5-Stars to "The Case of the Missing Head" by either E.J. Copperman or Jeff Cohen (take your pick)

   The Question of the Missing Head is a new twist on the tired detective genre and introduces a wonderful new pair of lead characters. The detective has Asperger's Syndrome and, unlike other books, this story is told from his perspective. The author, E.J.Copperman/Jeff Cohen (who either has a pen name or a split personality) has a son with Asperger's in real life and has written two non-fiction books on the subject--including The Asperger's Parent. It's this deep knowledge of the condition that allows him to portray his lead character as a complex and  fully-drawn individual, instead of a cartoon.
    Samuel Hoenig, the proprietor of Questions Answered, may not act like everyone else, but the first-person viewpoint of the book demonstrates the logical reasons and intense self-awareness behind his every decision. Yes, there is even a good explanation for the fact he tends to jump up and run around the interrogation room in the middle of an interview.
    Really.
    The other lead, Ms. Washburn, appears as a temporary hire staffer at Questions Answered but soon proves to have the ability to understand Hoenig without pitying or condescending to him that is so rare in those who work with the disabled (a term that Hoenig justifiably dislikes.) She acts as a simultaneous translator between  the world that Samuel Hoenig constantly struggles to understand and the delightfully rational world that he inhabits.
   The nice thing is that it's not all sugar-coated either.
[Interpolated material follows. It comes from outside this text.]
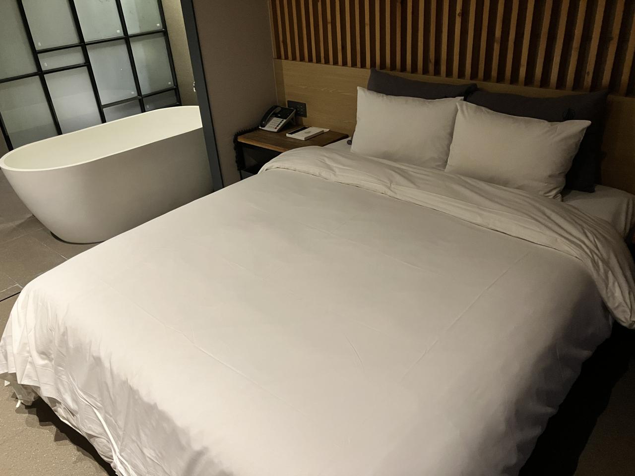 ベッド横のバスタブもアパホテルを思い出す

Hoenig is extremely self-aware of his condition but that doesn't mean that he can escape all the drawbacks: inability to deal with loud noises, misunderstanding others' motives, and more. It's a real picture of a real person.
     OK, OK. They are neat characters but the book is more than that. The mystery is excellent, the minor characters clever and well-developed and the physical thrills and chills at the end are as good as it gets.If you don't believe that Samuel Hoenig can fend for himself in our alien world, you will when you get to the end.
     I managed to score an advanced review copy as I was trying to prepare for a book convention. Luckily, I hit The Question of the Missing Head first and didn't stop reading--all the other books ended up unread. It was well worth it, Cohen/Cotterman pulls you into his story and into the very different mind of his protagonist with an ease that is as cool and professional as the way James Lee Burke delivers the simmering anger and pain in alcoholic detective Dave Robicheaux or Tony Hillerman reveals the completely different worldview of a Navajo shaman. 
    Yeah, I want to read more of Hoenig and Washburn. I'm sure that after this strong a debut, that's not going to be a problem. It's an excellent book and I highly recommend it. not because the lead has a different kind of mind but because it's a damn good detective story.
     AND, because the detective has an extremely interesting kind of mind.